As Lorna made plans for her holiday she contacted a sister about famliy plans. To her surprise, Lorna learned that one of the three sisters was not well and had recently been hospitalized. Wow L learned about the hip pain this ill sister had endured. Up to that point no had told her this news. Upon learning the news, this heroine felt uncomfortable—guilt ready to happen– and wanted to reach for an evolved response.

Our star sought advice about how to handle this situation, to live an alternative to feeling guilty.

In the last five years Lorna knew she had had fewer communications and visits with family.

Lorna Gets Advice

This Advisor began,

“In a recent interview Neale Donald Walsch, author of Conversations with God[1], puts forth that in the nature of the universe all of us are inherently, unconditionally loved from birth. Therefore, according to Walsh we do not need forgiveness. In divine eyes we have not committed any transgressions. We are seen as completely enough and ok already. The Abraham Hicks teachings and other spiritual works espouse harmonious viewpoints. We can live into that!

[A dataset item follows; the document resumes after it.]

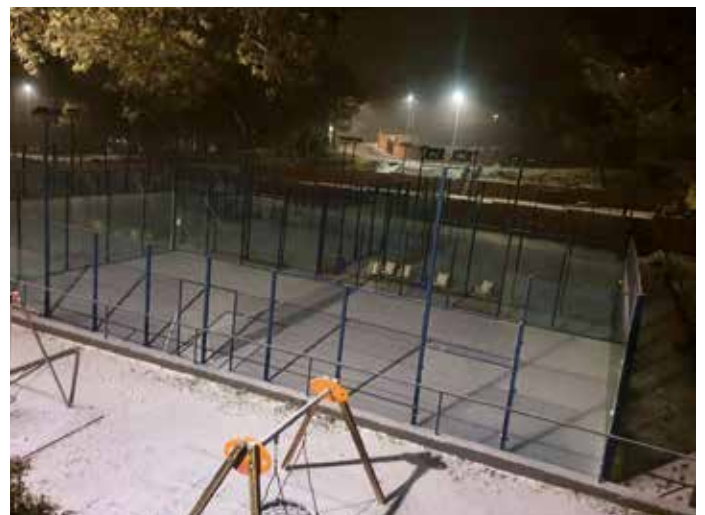
La brigada municipal, actuant a Daltmar durant la matinada del dissabte 9 de gener

You feel hesitant to respond. Do you wonder if your sister had wanted you to reach out to her more during this period? Are you thinking she could have tried harder to contact you? This sister endured almost a year of discomfort without telling you or consulting you for information on alternative healing?

Lorna, I discern that you feel an impulse to go into fear-based thinking. But, your intuition whispered that you can take more personal power. You want to skip the guilt, the ‘I am not enough” stuff and what you should have done.

Already, I see that you want to tune into knowing you are already loved. You want to bypass defending yourself. In light of that, you can make it ok that with this sibling you have divergent views on politics, health and medicine. Let’s make that ok.

You love your sister deeply. Forfeit any other commentary. Go right for expressing that strong affection.”

Lorna Breathes Relief

Immediately, Lorna allowed this advisor’s wisdom to wash over her. L responded, “Oh yes, yes I see.”

Advisor continued, “You can go immediately to accepting her as you find her now. Soothing her comes easily to you.

Expressing your compassion flows out from you effortlessly.

You do not owe her ( or anyone else) anything. No hooks on you!”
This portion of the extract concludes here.